Demirtas has been held in Edirne Prison since 2016 on terror charges. Last week, a Turkish prosecutor asked for an aggravated life sentence for him in a case related to what is known as the Kobani protests in 2014 in Turkey’s Kurdish-populated southeast.
In his tweets, Demirtas said a peaceful resolution to the conflict between the PKK and Turkey would come from “the Turkish parliament within the framework of the law” and added that this could have been done earlier.
“However, Erdogan imprisoned those who wanted peace, put them in prisons, tried to shut down their parties, appointed trustees to their municipalities, and tried to scare the people to gain votes through the discourse of terror by fueling the conflict with provocations,” Demirtas said, referring to the cases against the HDP.
Erdogan accuses the HDP, the third-largest party in the Turkish parliament, of having links to the militant PKK, which has been designated as a terrorist organization by the United States, the European Union and Turkey. The HDP denies any links to terrorism.
Disarmament
Demirtas’ statements have resonated with some experts who argue that conditions are suitable for the PKK to disarm and leave it for civilian politicians to defend Kurdish rights in Turkey.
“I don’t think it is difficult for the PKK to lay down its arms in Turkey. The conditions are favorable for this,” said Reha Ruhavioglu, director of the Diyarbakir-based Kurdish Studies Center.
“Our research shows that [Kurdish people] want to see civilian actors like the HDP and Demirtas as the bearer of the Kurdish issue in Turkey,” Ruhavioglu told VOA. “In other words, the Kurdish people in Turkey also prioritize disarmament and say that the problems should be discussed through civilian politics, not weapons.”
Long conflict
Founded by Abdullah Ocalan in 1978, the PKK aims to establish a confederation of semiautonomous Kurdish regions spanning parts of Iran, Iraq, Syria and Turkey.
The almost four-decade conflict ceased once with a peace process between the PKK and Turkey in 2013, but violence resumed in July 2015. According to data collected by the International Crisis Group, at least 6,561 people, including 611 civilians, have died in clashes or terror attacks from July 2015 until the end of last month.
In a report last year, Human Rights Watch stated that clashes between the military and the PKK have greatly decreased in rural areas of Turkey’s eastern and southeastern regions.

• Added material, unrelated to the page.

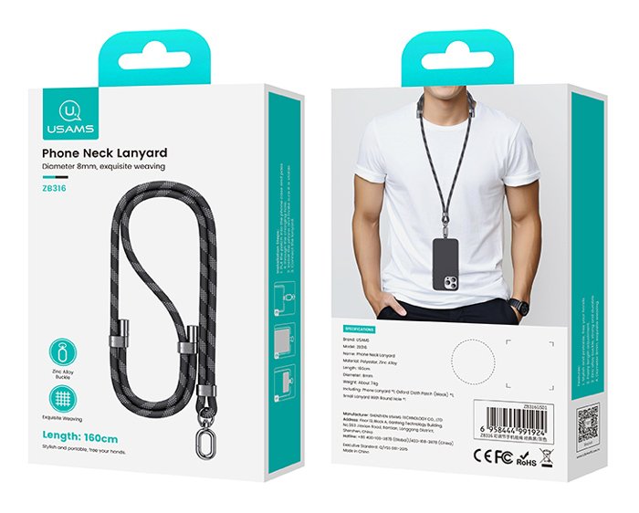 USAMS κορδόνι λαιμού για κινητά ZB316, 160cm, universal, μαύρο

But it said, “Turkey has concentrated its military campaign against the PKK, including with drone strikes in the Kurdistan Region of Iraq where PKK bases are located, and increasingly in northeast Syria against the Kurdish-led, U.S.- and U.K.-backed Syrian Democratic Forces.”
The PKK announced a suspension of militant activity shortly after the 7.8 and 7.6 magnitude earthquakes that jolted southern Turkey in February and later extended the pause until after next month’s Turkish elections.
The PKK has not publicly responded to Demirtas’ promise to press it to disarm.
In a written interview with VOA Turkish from his prison cell, Demirtas acknowledged the limits of his influence over the group.
“The issue is not whether the [PKK] listens to me or not,” he wrote. “If I make a call, they will not pay attention, it is obvious. But if some steps are taken for a possible solution in the parliament within an open, transparent and legal framework, of course, the actors will have to take this into account.”
Demirtas told VOA in messages relayed by his lawyers that he is proposing to work on creating the political, legal and social basis of a solution to the long-running conflict.
“And of course, we will do this,” he wrote. “We will create the appropriate environment and create the process where the weapons will be laid down. I want to emphasize that this is not difficult or impossible.”
This story originated in VOA’s Turkish Service. Yildiz Yazicioglu contributed from Ankara.